CHEAP vituperation and petty chauvinism are rarely more appropriate than on Harvard-Yale weekend. Traditionally, most of it comes from the other side. We could laugh off their peculiar taunts of "Yale Reject!", knowing the opposite to be almost exclusively the case. Down in New Haven, one could assume, they had nothing better to do than buy blue and white scarves (the Official Yale Scarf, incidentally, is manufactured in Harvard Square), carve their initials into the tables down at Mory's, import girls for football weekends. Harvard was more worldly than that, initiating academic, political and social trends which Yale could only sniff at or copy (or both).
Suddenly things are different. Yale now wears the bell-bottoms in the Ivy League family. Their president gets attacked by Spiro Agnew. Their Classics Professor Erich Segal writes a "novel" about Youth Romance Today ("Jen... what would you say if I told you... I think.. I'm in love with you." "I would say... you were full of shit." The ellipses are his.) which clings moistly to the top of the bestseller lists, bringing Lumpen to the throats of the proletariat (because a baker's daughter can marry a banker's son, even if she dies forthwith) while Harvard classicists are still back in the middle ages translating Greek. Then there's Yale law professor Charles A. Reich (all of whose students, the Times exclaims, call him "Charley"), who reports in his book, The Greening of America (currently churning off the Random House presses at a rate of 15,000 a week), that the machinery of Corporate America is destroying itself and that we should all await with him the inevitable emergence-like grass through the cracks in the sidewalk-of a new Consciousness of love, blue jeans and rock music, a Consciousness III. Says the Times: "Youth culture has gotten its very own Norman Vincent Peale." They were not referring to William Sloan Collin, Yale's famous Radical Chaplain.
(Have you noticed this Times obsession with Yale of late? Their second front page talks of little else. I've read that Yale has girls now. They even live in the same dormitories, though in different entryways. There aren't very many, but as Kingman Brewster so aptly put it, Yale has a responsibility to produce "1000 male leaders" every year. What with Consciousness III around the corner and Yale so hip, I guess they figure this is as good a time as any to begin attempting to fulfill that responsibility. Yale Admissions Director Inslee Clark-students call him Inky!-said Yale was going coed to improve the education of her men. I've also read in the Times that many Yale students are against the war in Vietnam and some are even working for liberal Senators. Obviously the Times knows where it's at.)

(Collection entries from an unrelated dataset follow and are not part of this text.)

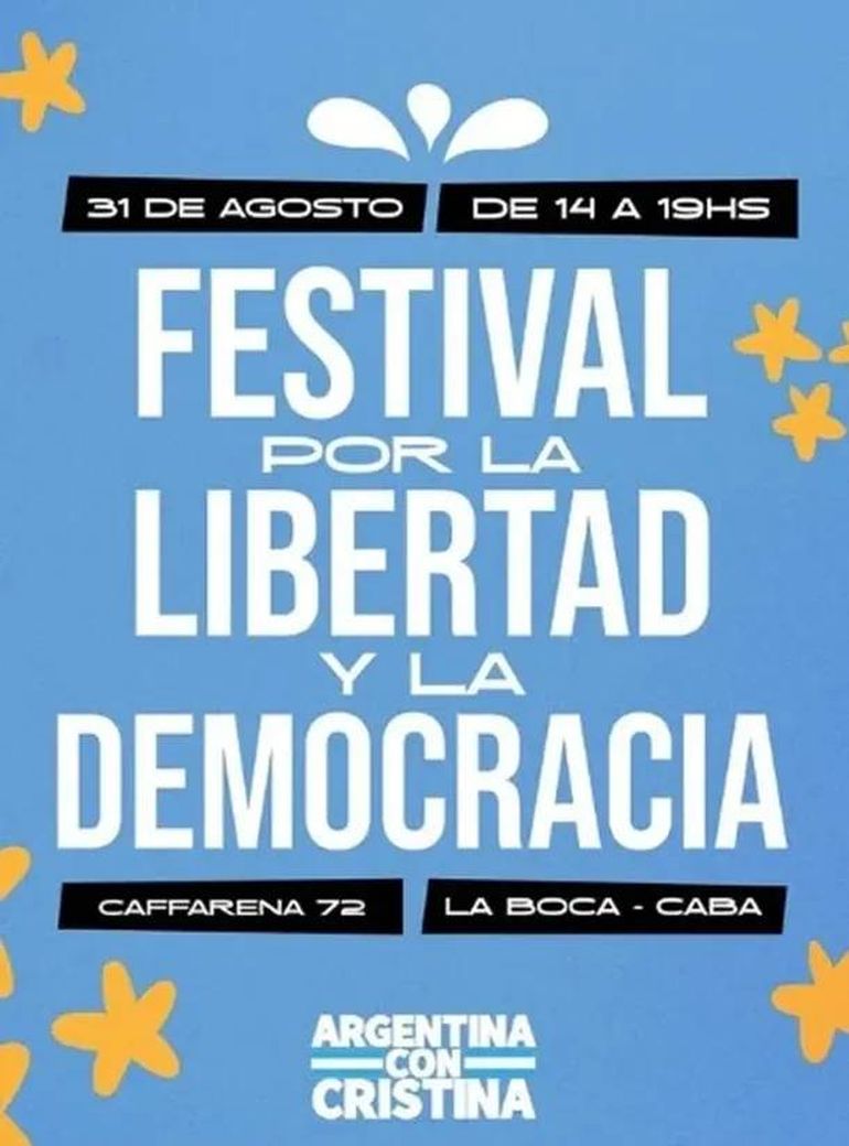 Los seguidores de Cristina Kirchner se volverán a juntar para pedir su liberación. Lo harán este domingo 31 de agosto en el barrio porteño de La Boca, donde a partir de las 14 horas convocaron a un festival por "la libertad y la democracia", en apoyo de la expresidenta y actual titular del Partido Justicialista (PJ) Nacional.
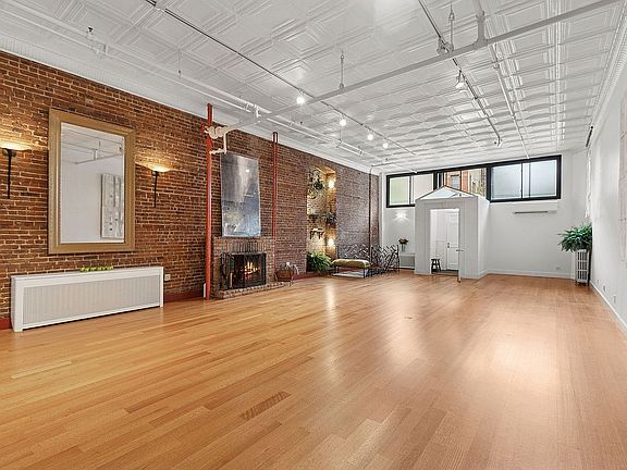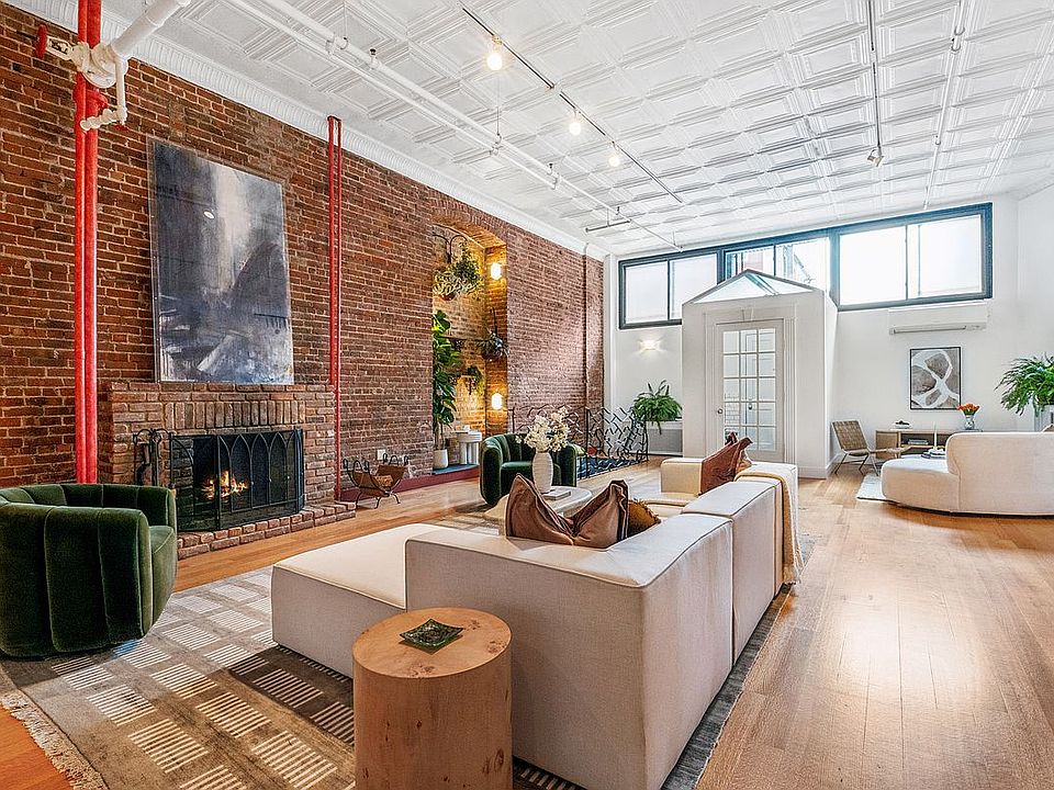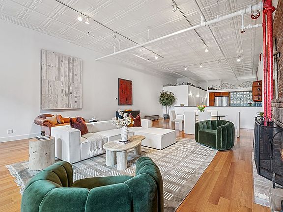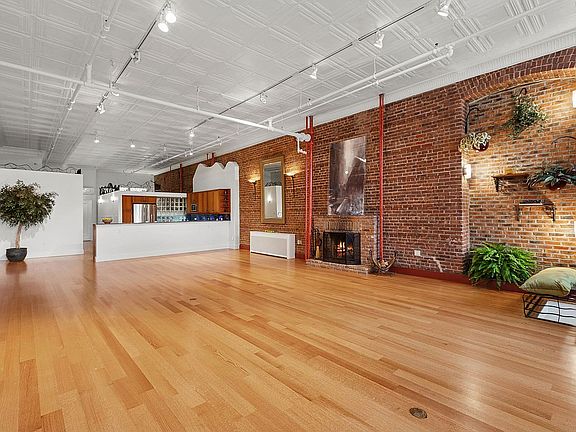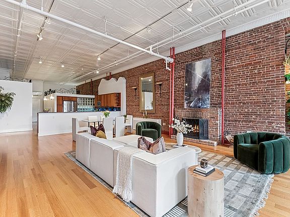 Upon entering the loft, the grand scale and architectural artistry of the great room immediately impress. Exquisite red oak hardwood floors, exposed brick walls, tin ceilings, a wood-burning fireplace, and bespoke ironwork create a space that is both dramatic and inviting. The large chef's kitchen has rich cherry wood cabinetry, handcrafted tile-work, a convection oven and dishwasher. The bathroom is stunning. It's a spa-inspired space with marble & stone tiling, an open rainfall shower and a clawfoot soaking tub. A staircase, framed by built-in bookshelves, leads to the sleeping loft, a lovely room perched above the great room and bathed in soft light. There is also a dedicated laundry room, a large walk-in closet, and 3 additional storage closets.
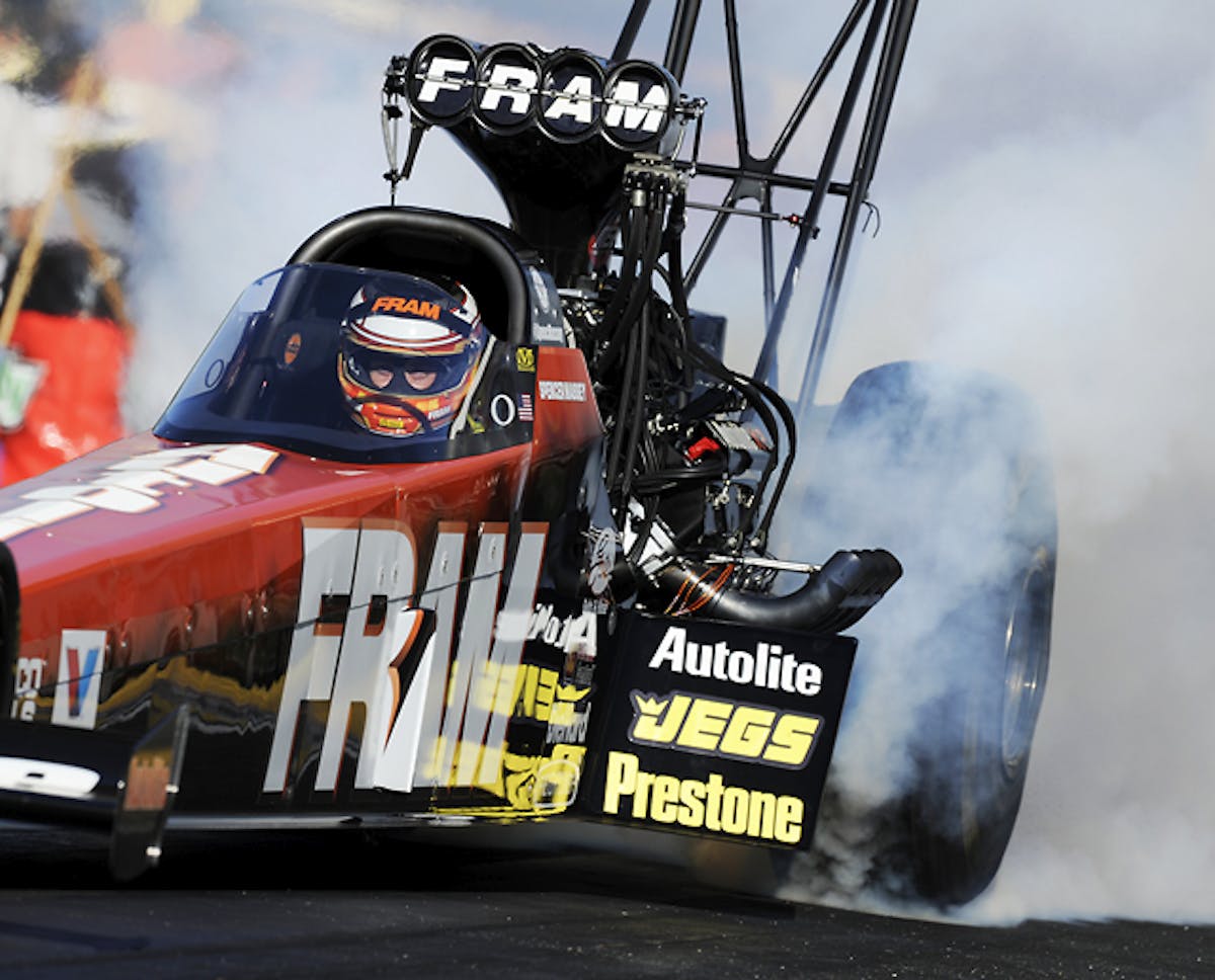 Massey said his Prestone/FRAM Dragster crew tries to beat the others in the Don Schumacher Racing pits in servicing and warming up the car between elimination rounds.
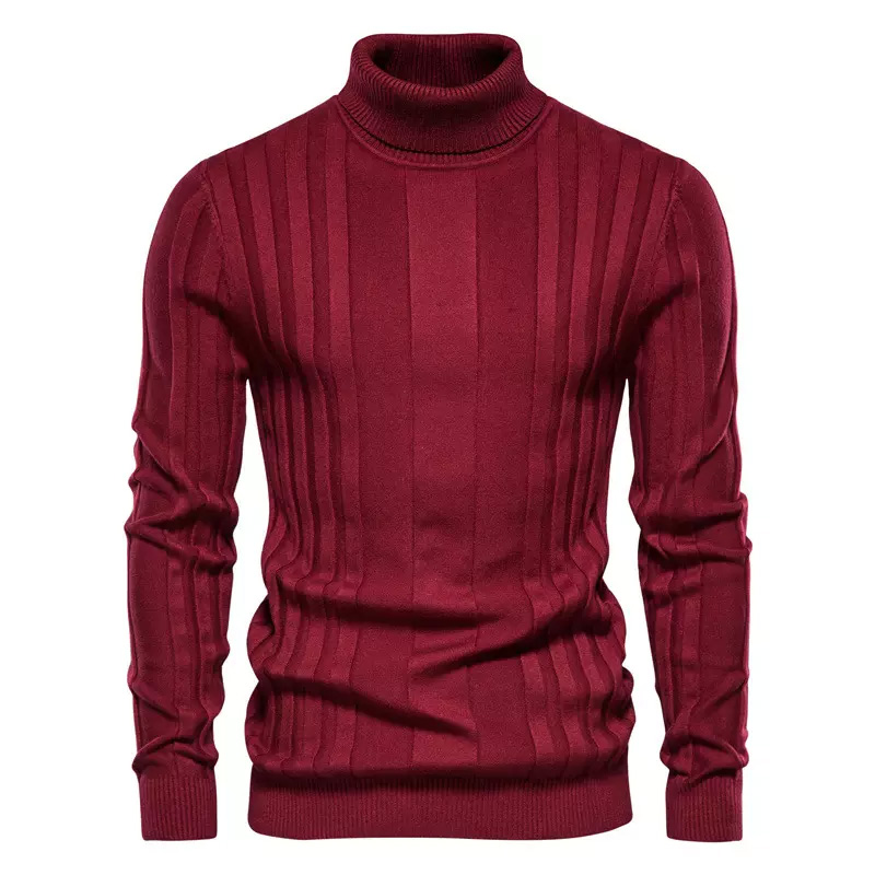 Turtleneck Fashionable Winter Men Knitted Sweater Red

THE CYNICAL here might take comfort in the knowledge that both Segal and Brewster were educated at Harvard, and that most of Reich's analysis is really Galbraith without the economics (a concept, admittedly, some might find as ludicrous as Galbraith without the modesty). They can snort to each other-and rightly so-that each Brewster speech, each Segal movie, each Reich pronouncement, each flattering Israel Shenker Times profile is a triumph of style over content, content still residing exclusively somewhere north of the Charles. But it's a triumph nonetheless. And can we ignore it? More than we suspect, Harvard's future may be truly affected by the greening of Yale.
For one thing there's the presidency. Last Spring, I asked Brewster for an interview for the CRIMSON. He protested shyly that "What with Harvard looking around for a new president, perhaps it's not the best time for my name to be splashed all over the CRIMSON." But like it or not, Brewster's name has been mentioned (if not splashed) practically everywhere else. With the possible exception of S. I. Hayakawa, he is the best-known college president in America. With dozens of colleges looking for male leaders, his national reputation has followed three of the four steps traditionally ascribed to the rise and fall of a movie star: I. "Who's Kingman Brewster?" II. "Get me Kingman Brewster." III. "Get me a Kingman Brewster type." IV. "Who's Kingman Brewster?" A Kingman Brewster type can be all things to all people. Most important, to alumni, he will keep things quiet. At a dinner last month the directors of the Associated Harvard Alumni-slavering in anticipation-asked student politicos from Faculty committees, "Would Harvard students fall for a Kingman Brewster?"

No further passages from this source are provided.